> [EXERCISE AIM] Below are records with pictures. Transcribe exactly, and only, the lines from the line with "施工單位:凈化車間面積約為1" to the line with "Пакуйте свеклу,тимьяна, чеснока", both ends included, but not the pictures.

---

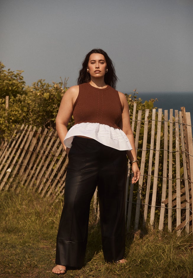 Step into effortless elegance with this fitted sweater featuring a flattering woven peplum hem. The sleeveless silhouette and classic crew neck make it a chic, versatile piece, while the soft knit ensures all-day comfort.
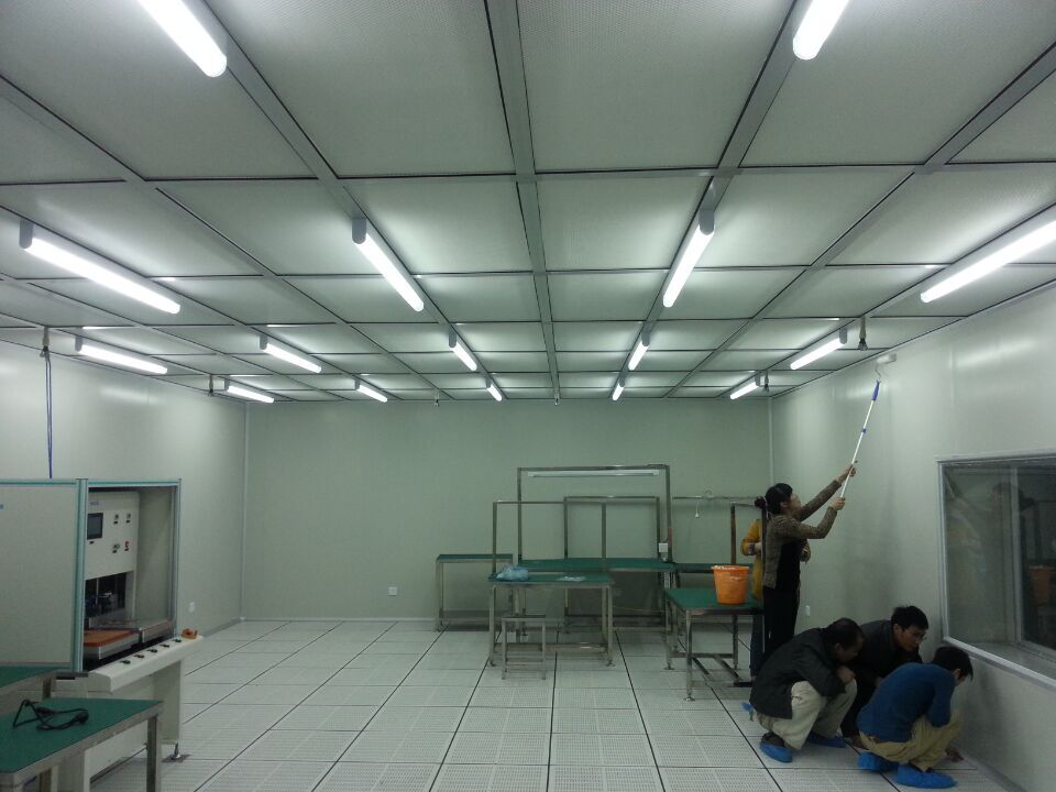 施工單位:凈化車間面積約為1500平方米,凈化要求為百級、千級和萬級,空調(diào)系統(tǒng)方案采用水冷直膨式恒溫恒濕空調(diào)機組+高效風口處理方式,百級采用FFU+AHU方式,工程內(nèi)容含彩鋼板結(jié)構(gòu)裝修,潔凈空調(diào)系統(tǒng),工藝排風,環(huán)氧樹脂地板,LED照明系統(tǒng),空調(diào)配電及自控系統(tǒng),設(shè)計要求:溫度23±2℃,濕度55±5%,完工后各標無塵室指標均達到要求;完工后圖片如下:
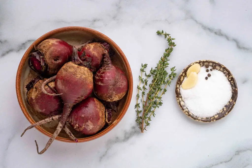 Пакуйте свеклу,тимьяна, чеснока и перца горошком в литровой банке с широким горлышком или в 2 (1-пинтовых) банках, оставляя по крайней мере от 1 до 1 1/2 дюйма свободного пространства для веса.
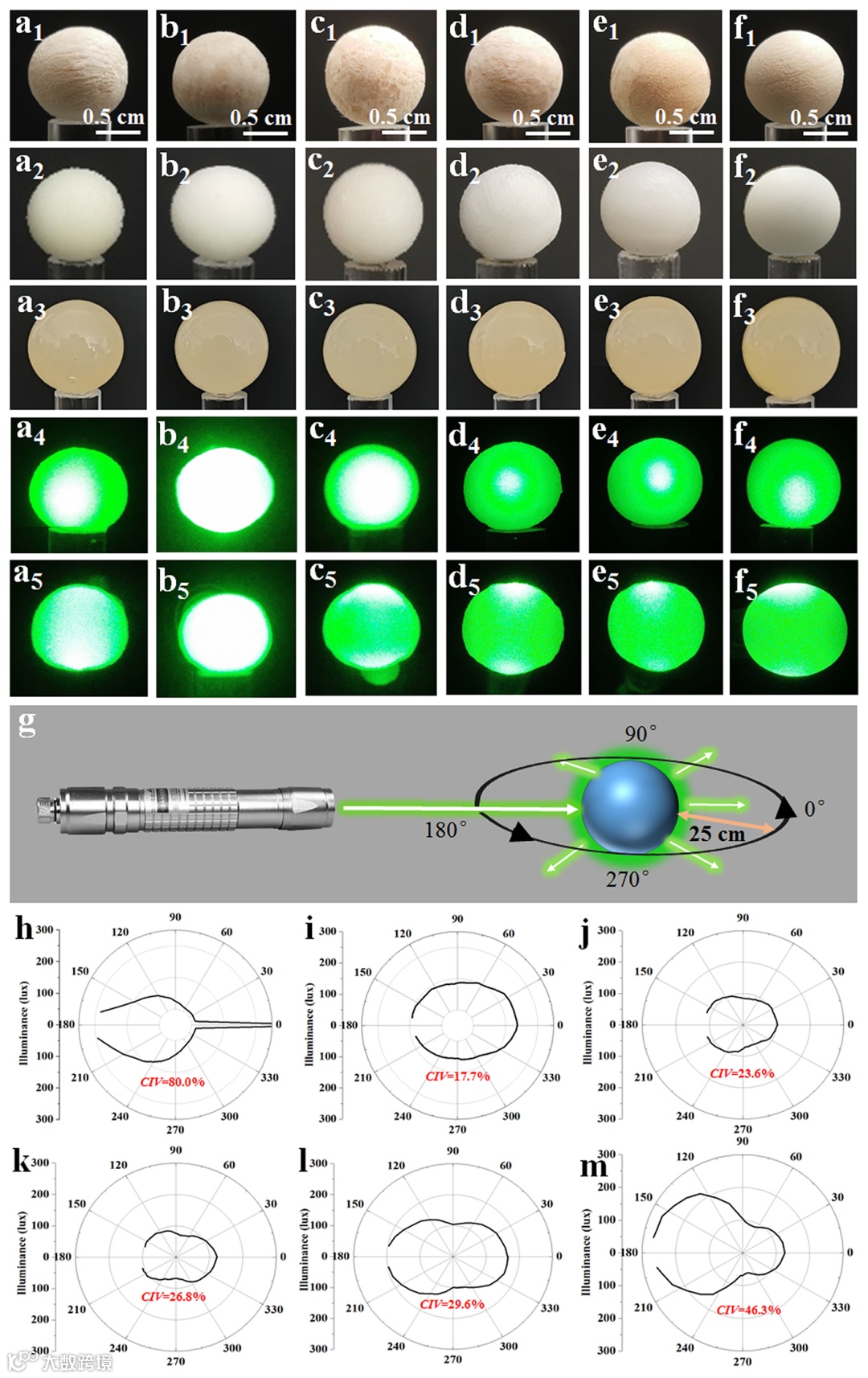 其次,用于空间照明的材料,还需要有良好的照明均匀性。而不同木材,其细胞壁厚度和纤维素体积分数等自身结构特性完全不一样,这将严重影响激光木材照明均匀性。为此,本研究选用6种不同密度的球形木材为原材料,脱除木质素之后,浸入聚乙二醇二丙烯酸酯,光固化后得到不同类型的激光木材。激光木材的光照均匀性采用光照变异系数来表示,研究结果表明:只有合适的原始木材密度才能用于制备具有高效率3D空间均匀照明的激光木材,其最低变异系数为17.7%,此时激光木材周边散射光强度分布接近于球形,且其变异系数远低于商业的光散射体,而且光照均匀性大于 0.9,远高于国际标准化组织对室内工作场所照明的要求,散斑对比度也远低于商业散射体材料。同时,研究小组还探索球形激光木材的直径以及光入射方向对光变异系数的影响。
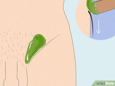 Buy a safe hair removal cream for the intimate area. Hair removal creams contain chemicals that break down hair just below the skin, so the hair won't regrow quickly. You can find these creams in the cosmetic section of large department stores. Make sure the packaging indicates that it's safe for use on the pubic area, as these products use gentler chemicals to minimize the risk of irritation.
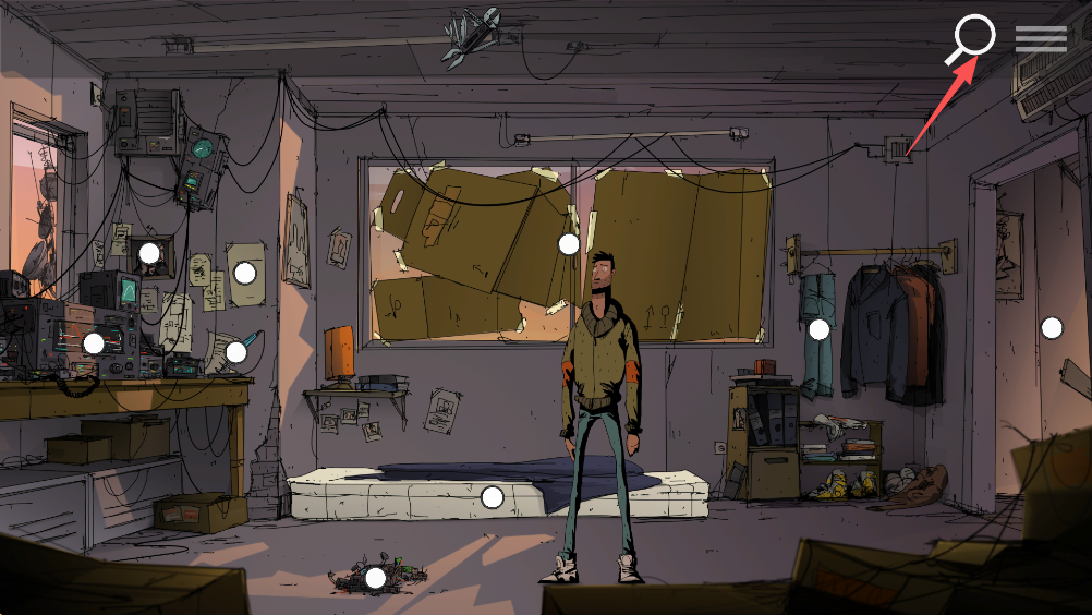 5.点击屏幕上的“放大镜”图标,就能查看场景中所有可交互的物品。
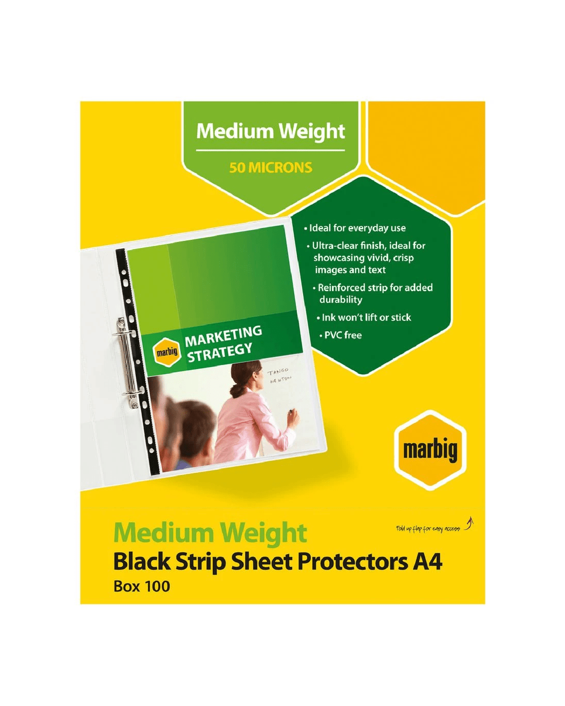 Marbig A4 Medium Weight Sheet Protectors are perfect for storing and protecting your documents against everyday wear and tear. The high quality sheet protectors have a black strip which would be great for presentations.
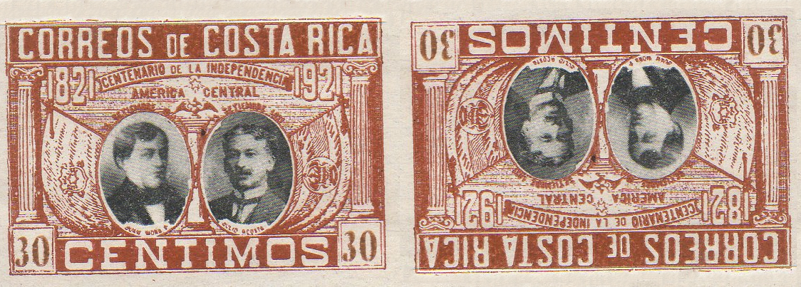 Sello postal para el Centenario de la Independencia de Costa Rica, con un valor de 30 céntimos en color anaranjado, con los rostros de Julio Acosta y Juan Mora Fernández.
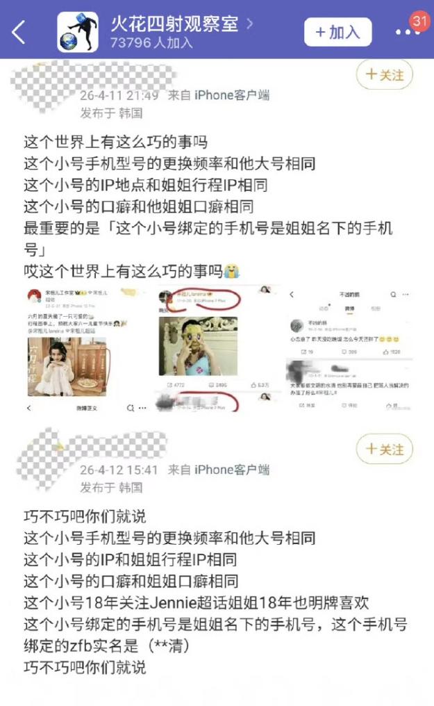 昨天疑似宋祖儿小号被扒,这个账号多次与宋祖儿IP地址相同,闲鱼账号也高度吻合,账号绑定手机号和支付宝账号都是孙凡清(宋祖儿真名),这个账号是阮经天大粉,关注了宋祖儿和刘宇宁CP超话,看过刘宇宁直播,所以被怀疑是宋祖儿小号,宋祖儿前几年和阮经天传过绯闻,不过后来俩人也辟谣过恋情,作为舆论的另一个当事人,刘宇宁竟然还没有出来直播辟谣恋情,而且宋祖儿工作室否认了恋情,没否认小号是宋祖儿的,宋祖儿刘宇宁《折腰》之前就认识了,2022年一块录了《开始推理吧》,俩人都是常驻嘉宾。

---

> [ANSWER TO THE EXERCISE]
 施工單位:凈化車間面積約為1500平方米,凈化要求為百級、千級和萬級,空調(diào)系統(tǒng)方案采用水冷直膨式恒溫恒濕空調(diào)機組+高效風口處理方式,百級采用FFU+AHU方式,工程內(nèi)容含彩鋼板結(jié)構(gòu)裝修,潔凈空調(diào)系統(tǒng),工藝排風,環(huán)氧樹脂地板,LED照明系統(tǒng),空調(diào)配電及自控系統(tǒng),設(shè)計要求:溫度23±2℃,濕度55±5%,完工后各標無塵室指標均達到要求;完工后圖片如下:
 Пакуйте свеклу,тимьяна, чеснока и перца горошком в литровой банке с широким горлышком или в 2 (1-пинтовых) банках, оставляя по крайней мере от 1 до 1 1/2 дюйма свободного пространства для веса.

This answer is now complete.